Dr. Hemami received a National Science Foundation Early Career Development Award in 1997 and has received numerous teaching awards. She held the Kodak Term Professorship of Electrical Engineering at Cornell University from 1996 to 1999, and she was a Fulbright Distinguished Lecturer in 2001. She has served as Chair of the IEEE Image and Multidimensional Signal Processing Technical Committee and as an Associate Editor for the IEEE Transactions on Signal Processing, and is currently the Editor-in-Chief for the IEEE Transactions on Multimedia.

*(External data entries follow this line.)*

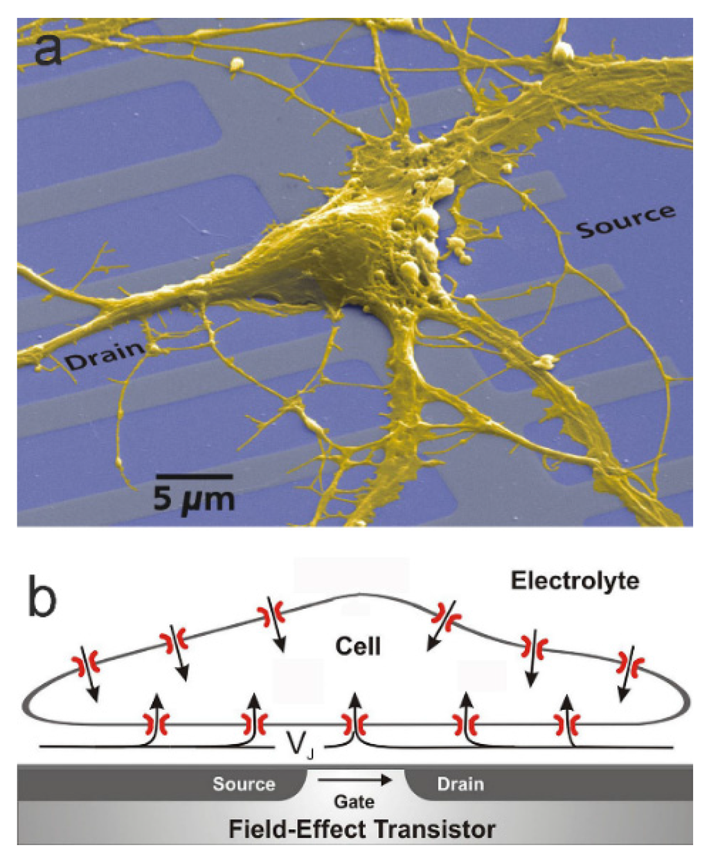 - Fromherz, P.; Offenhäusser, A.; Vetter, T.; Weis, J. A neuron-silicon junction: A Retzius cell of the leech on an insulated-gate field-effect transistor. Science 1991, 252, 1290–1293. [Google Scholar] [CrossRef] [PubMed]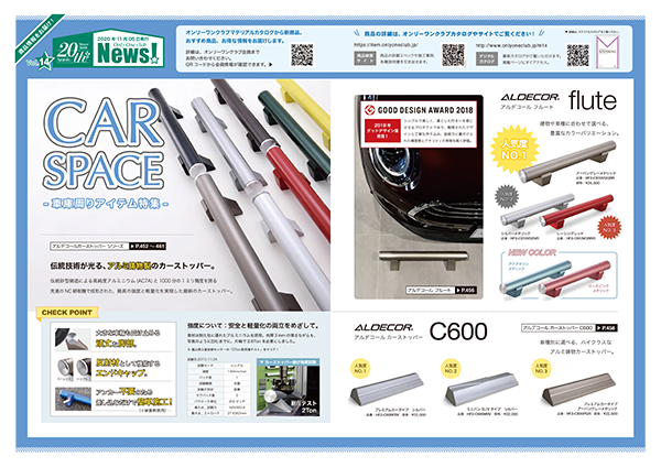 2020.11.5 オンリーワン NEWS 「オンリーワンNEWS Vol.14」を発行致します。 「オンリーワンNEWS Vol.14」を発行致しました。第14弾は、「車庫周りアイテム」の特集です。(印刷の際は、A3サイズの両面(短辺綴じ)印刷をお勧めします。) 画像をクリックするとpdfデータが表示されます。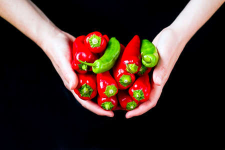 Juicy red hot peppers. Black background. Mediterranean diet. Generative AI.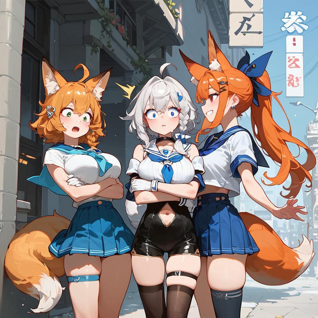 Score_9, score_8_up, score_7_up, source_anime, 3girls, street, (from side:0.5), ffchan, fox ears, blue bowtie, white shirt, serafuku, short sleeves, blue skirt, fox tail, orange hair, surprised, wide-eyed, looking to the side, fubukibase, white blouse, detached sleeves, black shorts, blue neckerchief, thigh strap, single thighhigh, white hair, single side braid, ahoge, piercing, pentagram, looking at another, ponytail, hair ribbon, black leotard, navel cutout, cape, white gloves, black thighhighs, large breasts, confident, grin, green, crossed arms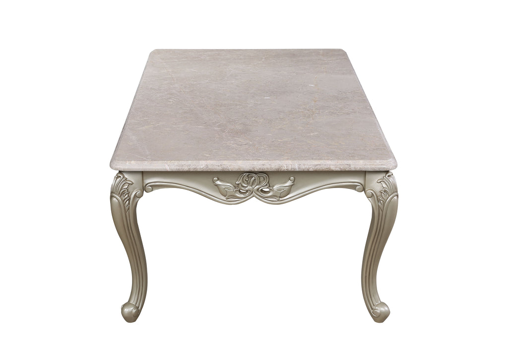The Monique Royal Classic Cocktail Table in champagne epitomizes heirloom-quality craftsmanship and timeless elegance. Expertly constructed from premium pine solids and adorned with durable polyurethane carvings, this coffee table is lightweight, moisture-resistant, and pest-resistant, ensuring long-lasting beauty and functionality. The luxurious, beveled, and gracefully contoured genuine marble top offers a sophisticated look with superior scratch and water resistance. Featuring traditional Rococo style, the table showcases ornate details, gracefully curved legs, and intricate carvings, embodying the elegance and fine craftsmanship of Rococo design. This cocktail table is a standout addition to any traditional or opulent decor setting, promising to enhance your living space with its refined style and enduring charm.

Thrasyvoulos N. Pappas (M'87, SM'95, F'06) received the S.B., S.M., and Ph.D. degrees in electrical engineering and computer science from MIT in 1979, 1982, and 1987, respectively. From 1987 until 1999, he was a Member of the Technical Staff at Bell Laboratories, Murray Hill, NJ. In 1999, he joined the Department of Electrical and Computer Engineering at Northwestern University as an associate professor. His research interests are in image and video quality and compression, perceptual models for image processing, model-based halftoning, image and video analysis, and multimedia signal processing.
Dr. Pappas is a Fellow of the IEEE and SPIE. He has served as an elected member of the Board of Governors of the Signal Processing Society of IEEE (2004-2007), chair of the IEEE Image and Multidimensional Signal Processing Technical Committee, associate editor of the IEEE Transactions on Image Processing, and technical program co-chair of ICIP-01 and the Symposium on Information Processing in Sensor Networks (IPSN-04). Since 1997 he has been co-chair of the SPIE/IS&T Conference on Human Vision and Electronic Imaging. He has also served as co-chair of the 2005 SPIE/IS&T Electronic Imaging Symposium.